Todas estas opciones tienen su utilidad de manera temporal, pero lo que realmente se necesita es un cambio en nuestra economía que dote de poder a la clase trabajadora. Difícilmente, con las estructuras económicas construidas en las últimas décadas, puede subsistir un sistema solidario como el nuestro y, por consiguiente, el Estado del Bienestar que hemos, sólo en parte, conocido en España. Hablar de partidos y no hacerlo de ideologías nos lleva siempre al mismo callejón sin salida, típico de la política española. El documento propuesto por el PSOE está lleno de buenas intenciones (el recargo a la banca, religar el incremento de las pensión al IPC, etc.) y medias verdades (sólo se financia la mitad del déficit de la Seguridad Social), que a estas alturas deberían hacernos sospechar. En el Neoliberalismo en que nos movemos, no hay cabida para lo justo, sino sólo para lo eficiente. Es el enésimo conflicto en el que hay que elegir entre lo más democrático y lo más eficiente. 
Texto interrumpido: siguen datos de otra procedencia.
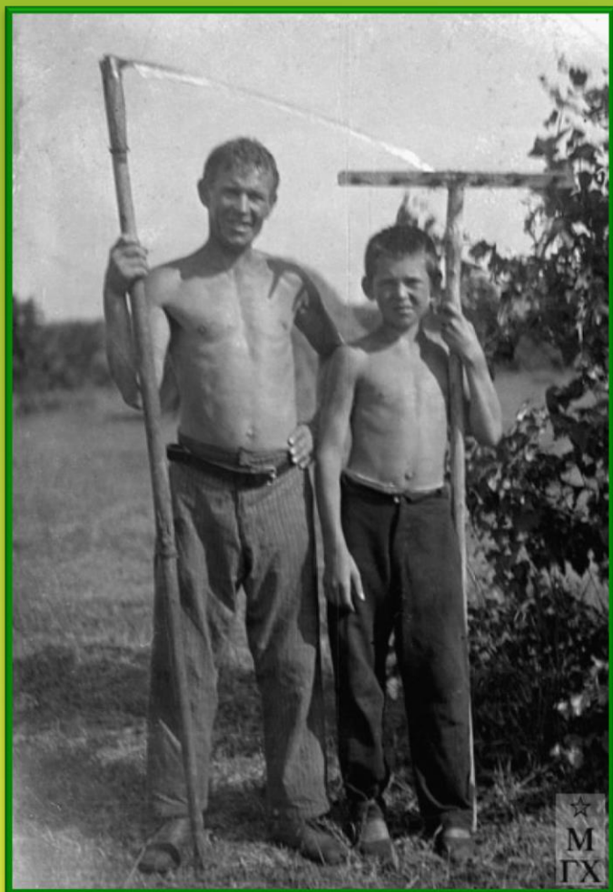
Аркадий Пластов на сенокосе с сыном Николаем. 1940 г.

Я люблю нашу жизнь. ... даже обыкновенные будничные дела наших людей приковывают внимание, потрясают душу. Это надо уметь видеть, замечать. Пластов А.А.

No olvidemos que un mercado de votos de 9 millones de personas es muy interesante, pero puede provocar que los partidos no resuelvan en su totalidad un problema que se nos viene encima, simplemente por no perder votos. El coste de la inacción tiene consecuencias, como hemos aprendido con el “procés” catalán. Los votos transformados en dinero son 8.500 millones de euros mensuales que resultarían un buen negocio para el sector financiero. Y como sabemos, la banca siempre gana. Simplemente, espera.